Work instructions:
Take the entries below and print, exactly, the stretch from the line containing "But I was being" through the line containing "1859 - 20 grana", both included.

(Extracted data entries)
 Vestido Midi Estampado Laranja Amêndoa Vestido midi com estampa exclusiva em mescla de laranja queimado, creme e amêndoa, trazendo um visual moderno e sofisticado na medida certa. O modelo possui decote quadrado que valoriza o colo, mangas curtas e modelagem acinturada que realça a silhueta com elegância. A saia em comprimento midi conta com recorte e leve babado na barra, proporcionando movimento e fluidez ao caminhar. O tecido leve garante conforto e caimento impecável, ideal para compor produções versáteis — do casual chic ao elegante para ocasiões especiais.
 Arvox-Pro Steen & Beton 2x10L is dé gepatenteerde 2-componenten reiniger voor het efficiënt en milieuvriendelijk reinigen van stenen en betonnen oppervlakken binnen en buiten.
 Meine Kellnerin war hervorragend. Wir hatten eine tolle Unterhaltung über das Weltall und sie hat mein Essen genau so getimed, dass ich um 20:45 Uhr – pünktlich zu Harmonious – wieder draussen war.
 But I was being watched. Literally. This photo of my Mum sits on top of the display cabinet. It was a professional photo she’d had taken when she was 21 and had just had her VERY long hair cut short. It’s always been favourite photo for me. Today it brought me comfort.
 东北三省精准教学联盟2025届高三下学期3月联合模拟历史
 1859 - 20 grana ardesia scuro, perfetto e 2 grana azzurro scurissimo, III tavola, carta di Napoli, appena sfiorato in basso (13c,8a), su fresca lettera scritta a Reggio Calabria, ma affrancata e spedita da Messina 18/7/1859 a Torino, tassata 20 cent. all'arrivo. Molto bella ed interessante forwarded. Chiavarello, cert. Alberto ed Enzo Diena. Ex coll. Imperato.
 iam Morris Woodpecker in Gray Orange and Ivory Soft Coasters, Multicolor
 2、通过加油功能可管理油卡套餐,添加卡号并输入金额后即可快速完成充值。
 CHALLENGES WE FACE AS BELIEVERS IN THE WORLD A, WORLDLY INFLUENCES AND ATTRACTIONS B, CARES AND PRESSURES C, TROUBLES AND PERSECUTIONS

Solution to this problem:
 But I was being watched. Literally. This photo of my Mum sits on top of the display cabinet. It was a professional photo she’d had taken when she was 21 and had just had her VERY long hair cut short. It’s always been favourite photo for me. Today it brought me comfort.
 东北三省精准教学联盟2025届高三下学期3月联合模拟历史
 1859 - 20 grana ardesia scuro, perfetto e 2 grana azzurro scurissimo, III tavola, carta di Napoli, appena sfiorato in basso (13c,8a), su fresca lettera scritta a Reggio Calabria, ma affrancata e spedita da Messina 18/7/1859 a Torino, tassata 20 cent. all'arrivo. Molto bella ed interessante forwarded. Chiavarello, cert. Alberto ed Enzo Diena. Ex coll. Imperato.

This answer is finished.